Vadim's generals
Last for slightly more then 2 hours.
My special topics were Dynamical systems and Stocastic prosseses.
My commite was Y.Sinai (chair), J.Mather, J. de Jong
We start with algebra:
What is a field? (J)
Structure of finite fields? Isomorphisms. (S)
Prove the fundamental theorem of algebra? (J)
(I proved it using Lioville thm.) J. asked to give another
proof. (I gave a proof using Cauchy formula).
Find all prime numbers in {\bf Z}[i].
Find all normal subgroups of A_4.
Real analysis.
State Radon-Nikodim thm. (S) (Now questions related to
Radon-Nikodim thm from Dynamical systems and Stocastic prosses).
Give an example of absolute continuity
in the theory of hyperbolic diffeomorphisms.
Problem (S) Take two diffusion prosesses in the line.
dx_i(t)=a_i(x)db(t)+ f_i(x) dt, i=1,2
When they are absolutely continious one to the other
(Answer if a_1(x)=a_2(x). Remark use law if iterated logarithm.)
What is Fourirer transform? (S)
State Plancherel thm, the inversion formula (M).
State Riemann mapping thm. (I mentioned also uniformiz. thm)
Give an example of residual set (countable intersection of
open dense sets) which has measure zero.
Give an example of nowhere dense set of arbitrary large
measure.
At this point we switch to special topics.

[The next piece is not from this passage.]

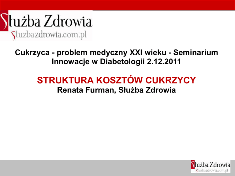 Cukrzyca - problem medyczny XXI wieku - Seminarium Innowacje w Diabetologii 2.12.2011 STRUKTURA KOSZTÓW CUKRZYCY Renata Furman, Służba Zdrowia Cukrzyca pochłania około 15% wydatków na ochronę zdrowia w większości rozwiniętych krajów świata1. 1. IDF http://www.diabetesatlas.com/content/europe, lipiec 2011. Koszty cukrzycy Europa Wydatki roczne (USD) na głowę mieszkańca z tytułu prewencji diagnostyki i leczenia cukrzycy w wybranych państwach Unii Europejskiej2 2. Health expenditure for diabetes, 2010 and 2030 – European Region. Diabetes Atlas, IDF, http://www.diabetesatlas.com/content/economic-impactsdiabetes, 2011.Expenditure data are in 2005 USD and derived from the World Health Statistics 2008, http://www.who.int/whosis/whostat/2008/en/index.html. Koszty cukrzycy w Polsce analiza przeprowadzona w oparciu o dane NFZ i ZUS3 3. Raport przygotowany przez Akademię Leona Koźmińskiego, Warszawa 2011. Koszty cukrzycy w Polsce3 Analiza kosztów bezpośrednich Koszty świadczeń zdrowotnych (leczenie szpitalne i opieka specjalistyczna) z powodu cukrzycy w roku 2009 były ponad dwukrotnie większe w stosunku do roku 2004. •W przypadku cukrzycy typu 1 tak duży wzrost kosztów spowodowany był ponad 80% wzrostem średniego kosztu świadczenia, co było w głównej mierze spowodowane wprowadzeniem w tym okresie refundacji pomp insulinowych i osprzętu do pomp dla dzieci. •Wzrost kosztów cukrzycy typu 2 był spowodowany głównie wzrostem epidemiologicznym, gdyż średni koszt świadczenia w roku 2009 był większy niż świadczenie w 2004 roku tylko o 30%. •Zarówno w przypadku typu 1, jak i typu 2 cukrzycy główną składową kosztów stanowią świadczenia szpitalne. •W 2009 roku średni koszt świadczenia zdrowotnego udzielonego z powodu cukrzycy pacjentowi z rozpoznaną cukrzycą typu 2 wyniósł w Polsce 414 PLN, a z rozpoznaną cukrzycą typu 1 − 926 PLN. • 3. Raport przygotowany przez Akademię Leona Koźmińskiego, Warszawa 2011. Koszty cukrzycy w Polsce3 Analiza kosztów bezpośrednich Wartość świadczeń udzielonych z powodu cukrzycy typu 1 i typu 2 w latach 2004-2009 (bez kosztów podstawowej opieki zdrowotnej, POZ) 3. Raport przygotowany przez Akademię Leona Koźmińskiego, Warszawa 2011. Koszty cukrzycy w Polsce3 Analiza kosztów refundacji leków stosowanych w leczeniu cukrzycy Koszt refundacji leków rósł w niższym tempie niż koszt świadczeń zdrowotnych • Koszty płatnika z tytułu refundacji leków przeciwcukrzycowych wzrosły w latach 2005 - 2009 okresie o 26%. • *brak danych za 2004 rok dla refundacji leków 3. Raport przygotowany przez Akademię Leona Koźmińskiego, Warszawa 2011. Koszty cukrzycy w Polsce3 Analiza kosztów refundacji leków stosowanych w leczeniu cukrzycy Koszt refundacji leków stosowanych w terapii cukrzycy w latach 2005-2009 3. Raport przygotowany przez Akademię Leona Koźmińskiego, Warszawa 2011. Koszty cukrzycy w Polsce Koszty leczenia powikłań cukrzycy Baza danych NFZ od 2008 roku umożliwiła również wyodrębnienie kosztów leczenia powikłań cukrzycy (bez refundacji leków). W 2009 roku wyniosły one 1 743 mln PLN i były prawie 5-krotnie większe niż koszty leczenia samej cukrzycy. • W porównaniu z rokiem 2008 nastąpił wzrost o 40%. Największy udział w kosztach leczenia powikłań cukrzycy mają choroby serca. • 3. Raport przygotowany przez Akademię Leona Koźmińskiego, Warszawa 2011. Koszty cukrzycy w Polsce Koszty leczenia powikłań cukrzycy Struktura kosztów świadczeń udzielonych z powodu powikłań cukrzycy w 2009 roku 3. Raport przygotowany przez Akademię Leona Koźmińskiego, Warszawa 2011. Koszty cukrzycy w Polsce Koszty pośrednie W związku z wprowadzonymi rozwiązaniami systemowymi liczba przyznawanych rent z roku na rok spada. Liczba orzeczeń o niezdolności do pracy zmalała także w przypadku cukrzycy. Analizując dane za lata 2004-2009, obserwujemy jednak, że tempo spadku w przypadku orzeczeń niezdolności do pracy wśród osób chorych na cukrzycę jest mniejsze niż dla całej populacji, • Dodatkowo w przypadku cukrzycy typu 1 zaobserwowano wzrost w roku 2009 w stosunku do roku 2008. • W analizowanych latach zarówno dla cukrzycy, jak i jej powikłań obserwujemy wzrost przyznawanych świadczeń rehabilitacyjnych i zasiłków chorobowych. • 3. Raport przygotowany przez Akademię Leona Koźmińskiego, Warszawa 2011. Koszty cukrzycy w Polsce koszty pośrednie W 2009 roku 35 160 osób pobierało rentę z tytułu niezdolności do pracy i rentę socjalną z powodu cukrzycy. • Koszty pośrednie z powodu niezdolności do pracy w 2009 roku wyniosły łącznie ponad 2,5 mld PLN (łącznie koszt cukrzycy i powikłań) • • Koszty absencji chorobowej wyniosły ponad 300 mln PLN (łącznie koszt cukrzycy i powikłań) Koszty pośrednie stanowią prawie 50% kosztów cukrzycy. • 3. Raport przygotowany przez Akademię Leona Koźmińskiego, Warszawa 2011. Koszty cukrzycy w Polsce3 Struktura kosztów całkowitych Struktura całkowitych cukrzycy w Polsce w 2009 roku 3. Raport przygotowany przez Akademię Leona Koźmińskiego, Warszawa 2011. Wydatki społeczne Wydatki społeczne związane z niezdolnością do pracy i absencją chorobową Spowodowaną cukrzycą oraz powikłaniami cukrzycy w 2009 roku Z perspektywy społecznej całkowity koszt cukrzycy w Polsce wynosi około 6 mld PLN rocznie. 4 3. Poster publication: ISPOR 14th Annual European Congress, Madrid, Spain 2011.

What is Anosov diffeomorphism and Anosov flow?
Are they stable?(M) Why?
I gave an idea why they are stable.
Are they chaotic?
Describe baker's transform.(M) What chaos it has.(M)
What thm from dynamical systems was proved by algebraic
geometrists?(S) I stated Artin-Mazur thm.
Why did they study periodic orbits?(S) I said that they
introduce dynamical zeta function.
Moreover, I said that zeta function is rational for
Axiom A system.
de Jong got excited by that fact.
Do I know any easy proof of that?(M)
I said that I have to introduce markov partitions
subshifts of finite type, and so on.
Mather said that there is an easy proof using Lefschetz
fixed point formula. I stated the Lefschetz fixed point formula and
said that that formula sums periodic points with different signs.
Then Sinai and de Jong got interested and asked Mather
to explain why it is easy. He said that there is a simple reason
why it is true, but he don't remember what.
A few questions from hyperbolic geometry.
What is upper half plane? Describe a metric of constant
negative cuvature. What group act on that metric space
isometrically. Describe any two dimensional
surface with a metric of constant negative curvature.
What can you say about geodesic flows on surfaces
of constant negative curvature? (ergodic, mixing,
exponential decay of correlations)
When you have an Axiom A diffeomorphism what can you say
about invariant foliations (How smooth they are,
how about and what is absolute continuity)?